[Haskell-cafe] Re: "quoting" in Haskell

Rene de Visser Rene_de_Visser at hotmail.com
Mon Aug 27 15:05:01 EDT 2007

"Peter Verswyvelen" <bf3 at telenet.be> schrieb im Newsbeitrag 
news:46D2E7F1.9080905 at telenet.be...
> In Scheme, on can "quote" code, so that it becomes data. Microsoft's F# 
> and C# 3.0 also have something similar that turns code into "expression 
> trees". The latter is used extensively in LINQ which translates plain C# 
> code into SQL code or any other code at runtime (this idea came from FP I 
> heared)

The normal way of doing such things in Haskell is to have
1) functions that generate the component data structures (these functions 
are often called smart constructors)
2) other functions to put the functions/data structures together (these 
other functions are often call combinators).

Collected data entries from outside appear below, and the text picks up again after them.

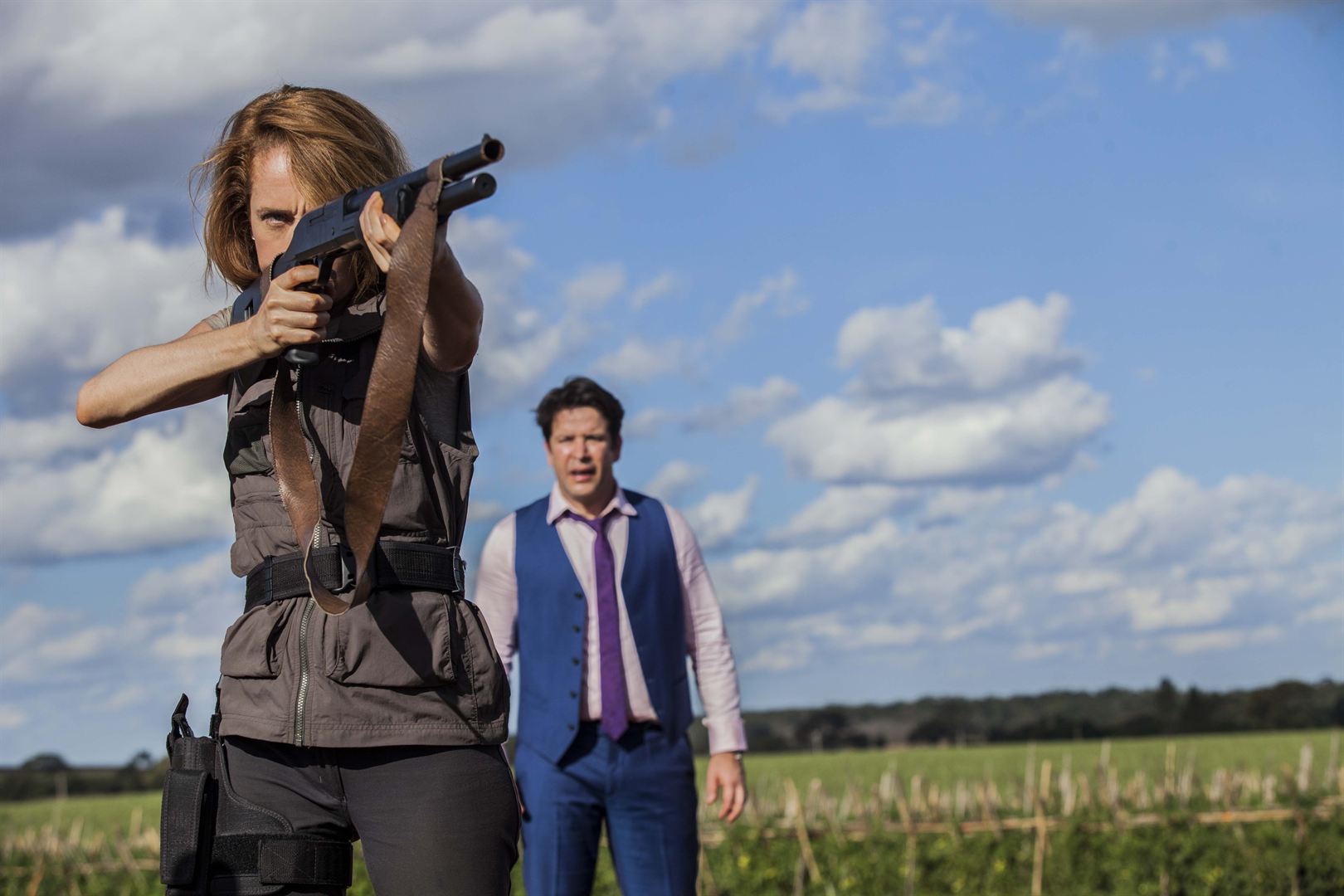 Vinte anos atrás, a caipira Noeli (Camila Morgado) abandonou o noivo e a família para fugir com o carioca Júlio (Murilo Benício, na foto com Camila). Juntos, eles fizeram fortuna em Ribeirão Preto, no interior de São Paulo, por causa de um molho de tomate. A situação afetiva do casal, agora, não anda boa. Ela implica até com a risada dele, enquanto ele a irrita perguntando o preço de tudo o que ela compra. Embora ricos, a felicidade conjugal foi para escanteio. Divórcio, a terceira comédia de Pedro Amorim (de Mato sem Cachorro e Superpai), recorre a clichês do cinema americano para a plateia cair no riso. Acerta mais, porém, no retrato (por vezes muito estereotipado) do universo “country” paulista, pouco explorado nas telas — e, aí, a revelação Gustavo Vaz, na pele de um cantor sertanejo, rouba a cena dos protagonistas, esforçados em falar o “caipirês”. Direção: Pedro Amorim (Brasil, 2017, 105min). 12 anos.
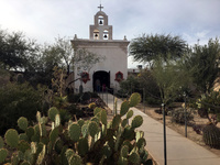 Weil wir schon mal da waren, fuhren wir auch noch an der Mission San Xavier del Bac bei Tucson vorbei, die 1692 von den Spaniern gegründet, 1770 von Apache-Indianern demoliert und 1783 wieder aufgebaut wurde. Die Gebäude sind auch heute noch gut erhalten und der Geschenke-Shop wird nicht nur als "affordable" angepriesen, sondern verkauft auch preisgünstige Pilgerwaren. Von einer kleinen Seitenkapelle (Abbildung 26), in der es wegen hunderten von angezündeten Kerzen richtig heiß war, erfuhren wir, dass das Gebäude mit den zwei Glockentürmchen angeblich in einer Episode der Fernsehserie von Breaking Bad zu sehen war, als Pilgerort für die beiden mexikanischen Gangster mit den Cowboystiefeln, die in extremer Pilgermanier durch den Staub auf die Kapelle zukrochen.
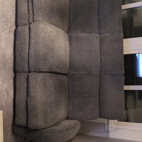 Elektrisk soffa med det två ändplatserna har elektriskt manövrerad steglös lutningsmekanism och inbyggt benstöd och ryggstöd. Armstödet på ena sidan har lossnat lite från själva soffan men går lätt att laga om man vill de men inget som märks och inget som stör. Finns även USB-uttag på båda sidor. Fungerar utmärkt och är väldigt skön.

The resulting data structure that represents the sql query for example is 
then processed to produce the real (textual) sql query which this then sent 
to the database.
> I can't find something similar for Haskell? Maybe I am looking at the 
> wrong places?

HaskellDB for example does this for database queries.
Parsec does this parsers.
HSXML (if I got the name right) does this for XML.
> In Haskell, I know one can use a data constructor as a function (as in 
> (map Just [1..3])), but a function cannot be turned into a data 
> constructor (= "quoting"), can it?
A data constructor is a special case of a function, or perhaps better said, 
a particular way a function is defined. Either a function is a data 
constructor or it isn't.

For example you can also do

just = Just

Just is a data constuctor. It was defined with a data statement (and as a 
result starts with a capital letter).
data Maybe a = Nothing | Just a

just is not a data constructor. Why? It wasn't defined with a data 

However just and Just behave almost identically. (you can't pattern match on 
just, only on Just)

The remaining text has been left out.